Questions addressed: Microscopic theoretical description of femtosecond structural phase transitions?

We developed a numerical approach to treat ultrafast phase transitions induced by laser pulses of arbitrary form. We perform molecular dynamics simulations on time-dependent, many-body potential energy surfaces derived from a microscopic Hamiltonian. Applying this method to diamond, we show that a nonequilibrium transition to graphite takes place for a wide range of pulse durations and intensities. This ultrafast (~100 fs) collective motion of the atoms is driven by the suppression of the diamond minimum in the potential energy surface of the laser excited system. The laser induced melting of a C60-crystal under pressure was also analyzed. In this case an ultrafast melting of the system occurs.
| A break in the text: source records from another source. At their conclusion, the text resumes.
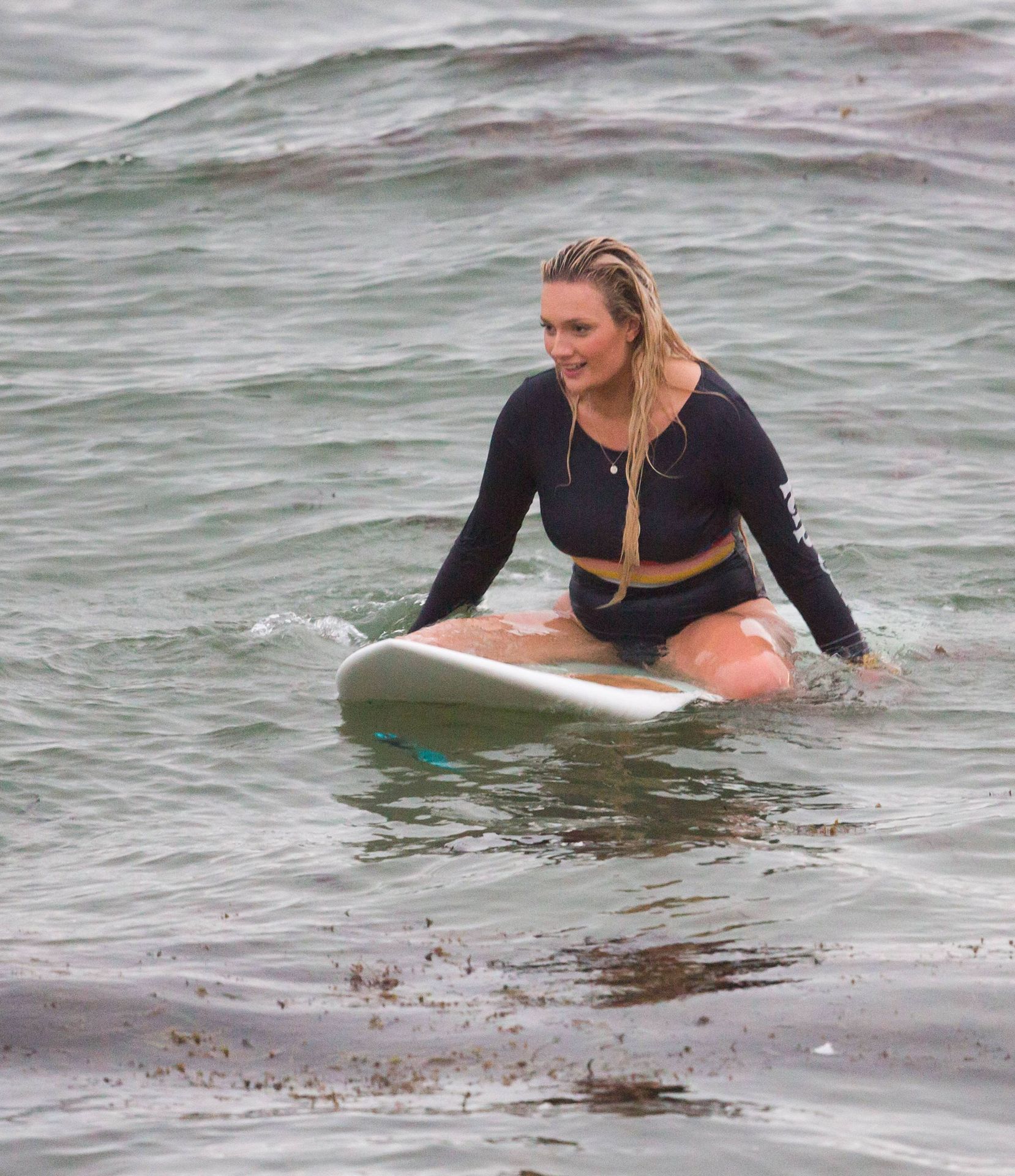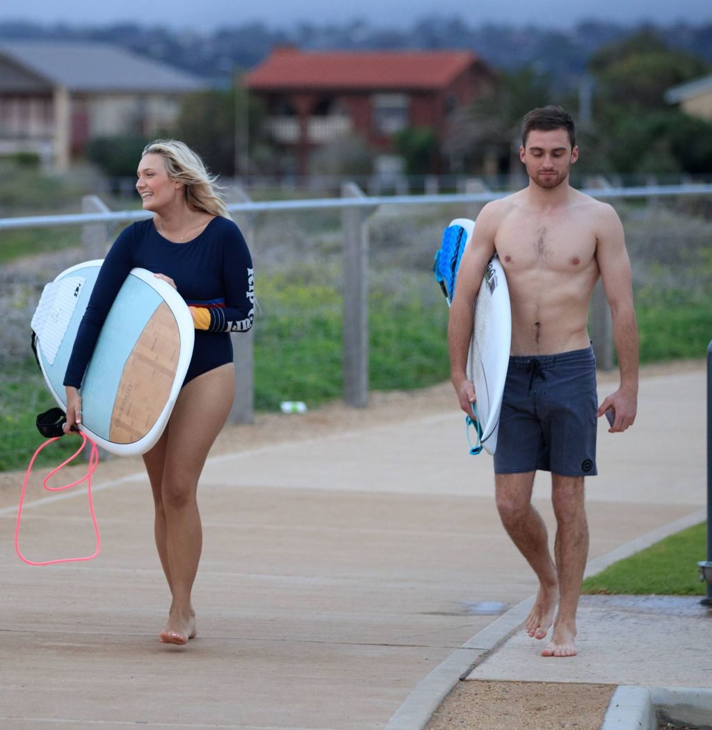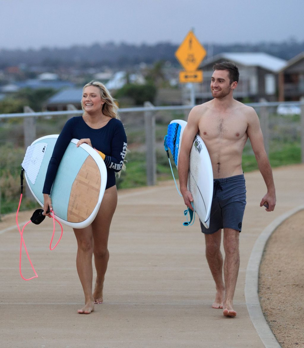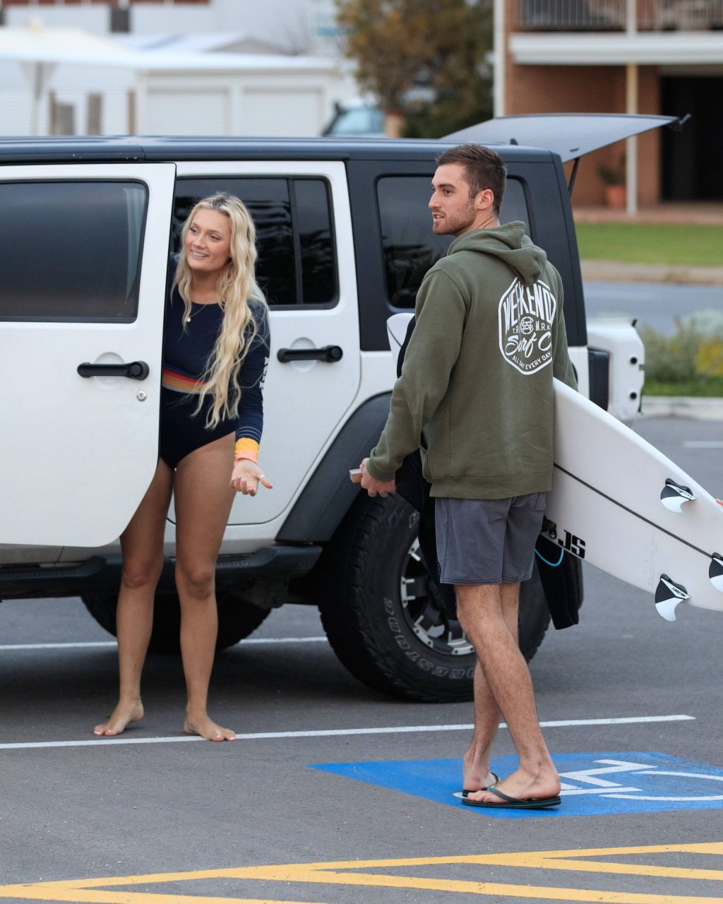 Talia a bravé des conditions plus fraîches à la plage de Southport en arrivant avec un ami et sa petite sœur. Elle était là pour lui apprendre quelques astuces de surf. Talia est arrivée à la plage dans un jeep blanc et en est sortie avec une planche longue sous un bras.
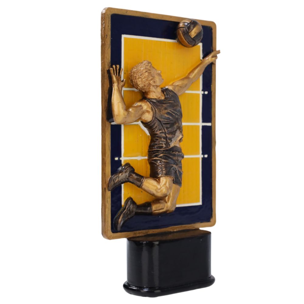 Materiały: Statuetka została wykonana z wysokiej jakości odlewu żywicznego o strukturze imitującej metal. Dzięki precyzyjnemu wykonaniu, trofeum posiada detale oddające dynamikę ruchu siatkarza, a całość osadzona jest na solidnym i stabilnym postumencie, co nadaje mu prestiżowy wygląd.
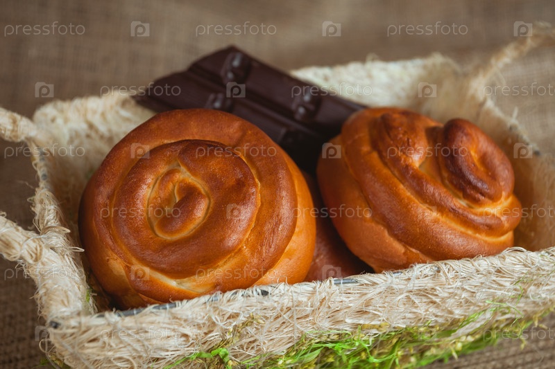 Несколько булочек в корзине
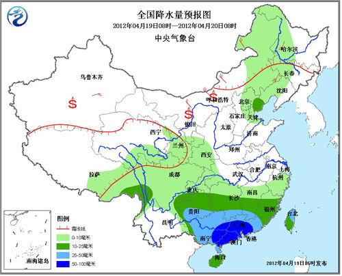 参与互动(0)未来三天我国江南华南有强降雨并伴有强对流天气。4月19~20日,江南东部和南部、华南等地将有一次明显降雨天气过程,其中,湖南南部、江西东部和南部、浙江南部、福建、广西大部、广东、海南等地有大雨或暴雨,过程降雨量有60~150毫米,并伴有短时强降水、雷雨大风或冰雹等强对流天气。北方地区有弱降水。19~21日,华北大部有阵性降雨天气;20~21日黄淮北部和东部有小雨,山东半岛局地有中到大雨。19日夜间~21日,东北春播区的西部和南部地区有小雨。西北部分地区有沙尘。19日,新疆南疆盆地、内蒙古中西部等地有扬沙或浮尘,局地有沙尘暴。
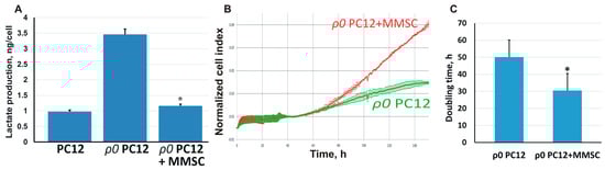 Retardation of glycolysis and higher proliferation in ρ0 PC12 cells associated with the transfer of mitochondria from MMSC. (A) Co-cultivation of MMSC and ρ0 PC12 cells was associated with lower production of lactate, possibly speeding ATP production from oxidative phosphorylation and blocking glycolysis, thus increasing the normalized cell index (B) and reducing the doubling time (C), which demonstrated the activation of proliferation in PC12 cells. All experiments were performed at least in triplicate; * denotes significant differences between groups (p < 0.05) (One-way ANOVA, followed by Tukey’s post hoc analysis). Values are given as mean ± standard error of the mean (SEM).
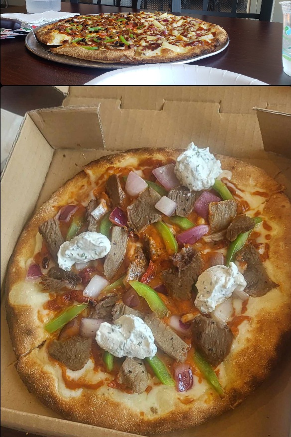 Read moreWe called to see if they had outdoor seating because we have a small miniture poodle . Yes, they can set up a table outside for us but stated it is so hot out & and yes, it was in the middle of the day yesterday. (SO VERY HOT ). When we arrived, the owners were husband & wife and saw our poodle. They said they are dog friendly and dog lovers. There were no customers at this time, so they let us sit inside. They gave our poodle a Trader Joe's dog treat, to our surprise, our very picky poodle loved it. The owners were very friendly, and we got to speak for a while. Then came the AMAZING PIZZA . It was perfectly cooked. The crust was thin & crispy, just like we like it. We got to eat this delicious pizza we ordered a 1/2 -1/2 pizza a #2. Sausage pepperoni, mushrooms, bell peppers, black olives & #11. BBQ Chicken Pineapple, Red Onions. Their sauce and sausages are homemade. It was so good. Then we had to try their #8. Lamb, ricotta, red onions, bell peppers, sun-dried tomatoes, WOW! what an explosion of flavors. They cook & slice up their own lamb shanks. My wife & I are pizza lovers, and this place is at the top of our list. We have definitely found a new place and will be back for more. Thanks for the...
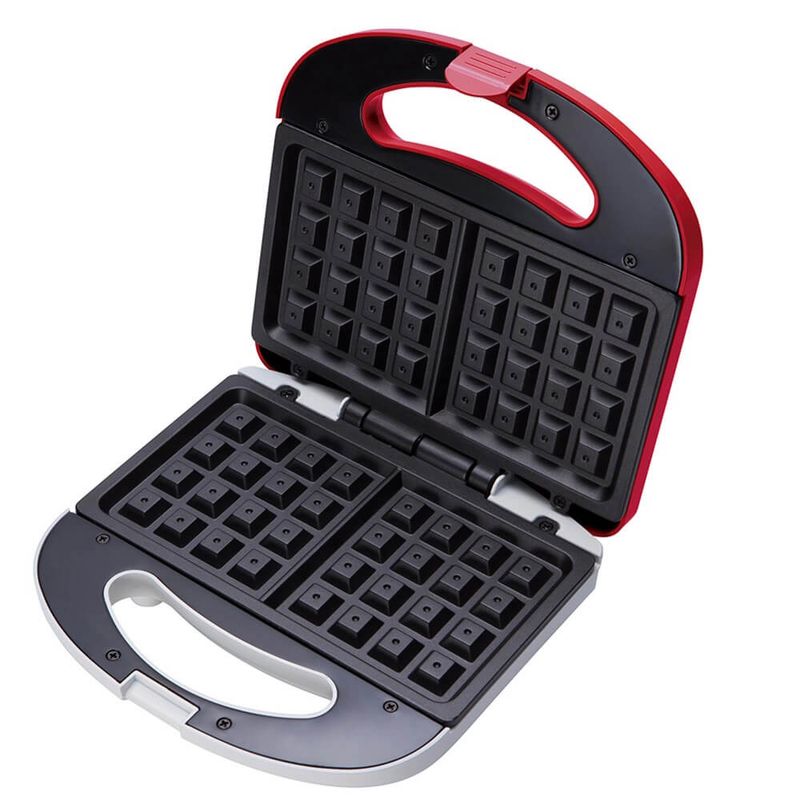 A máquina de waffle Cadence prepara dois waffles de uma só vez em poucos minutos. Conta com chapas antiaderentes que assam os dois lados do waffle por igual ao mesmo tempo, e ainda garantem muita facilidade na limpeza. Tem Leds indicadores de ligado e pronto para uso. O prático porta-fio traz muito mais praticidade na hora de guardar. Tem alça isotérmica com presilha, não esquenta e garante um fechamento por completo. Pés antiderrapantes que garantem maior segurança durante o prepare dos waffles. Prepara dois waffles em poucos minutos
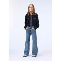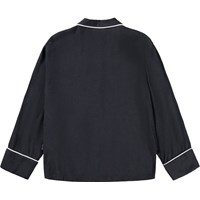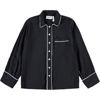 Pyjamashirt gemaakt van zwarte viscose. Het shirt heeft witte biezen op de kraag, langs de knopen, bij de borstzak en de mouwen. Combineer het met de bijpassende broek voor een complete look.
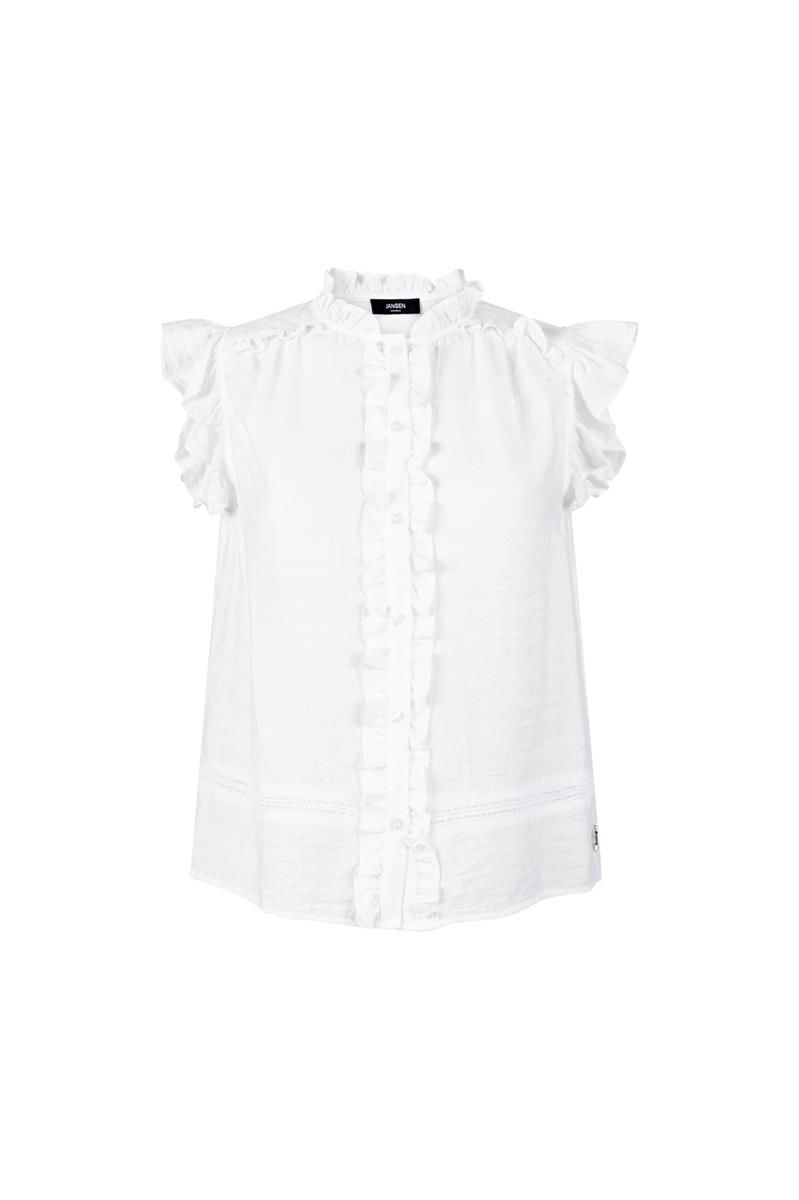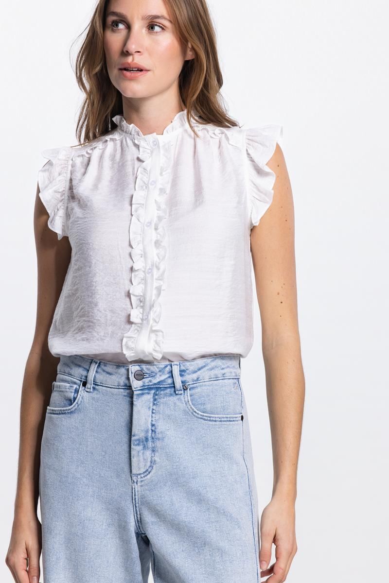 De Sulan mouwloze blouse in wit is elegant en luchtig, met subtiele details bij de halslijn en langs de knopenlijst. Afgewerkt met een fijne ruffel bij het armsgat voor een vrouwelijk accent. Ideaal voor een casual-chic of verfijnde look.80% Viscose, 20% Polyester.

Using this theoretical approach, the physical mechanisms for damage formation in graphite films induced by femtosecond laser pulses were analyzed using a microscopic electronic theory. We show that graphite has the unique property of exhibiting two distinct laser induced structural instabilities. For high absorbed energies ( > 3.3 ~eV/atom) we find nonequilibrium melting followed by fast evaporation. For low intensities above the damage threshold ( > 2.0 ~eV/atom) ablation occurs via removal of intact graphite sheets. We have also calculated the ablation thresholds of diamond and graphite as a function of the pulse duration for femtosecond pulses. For both materials we obtain smoothly increasing thresholds for increasing duration.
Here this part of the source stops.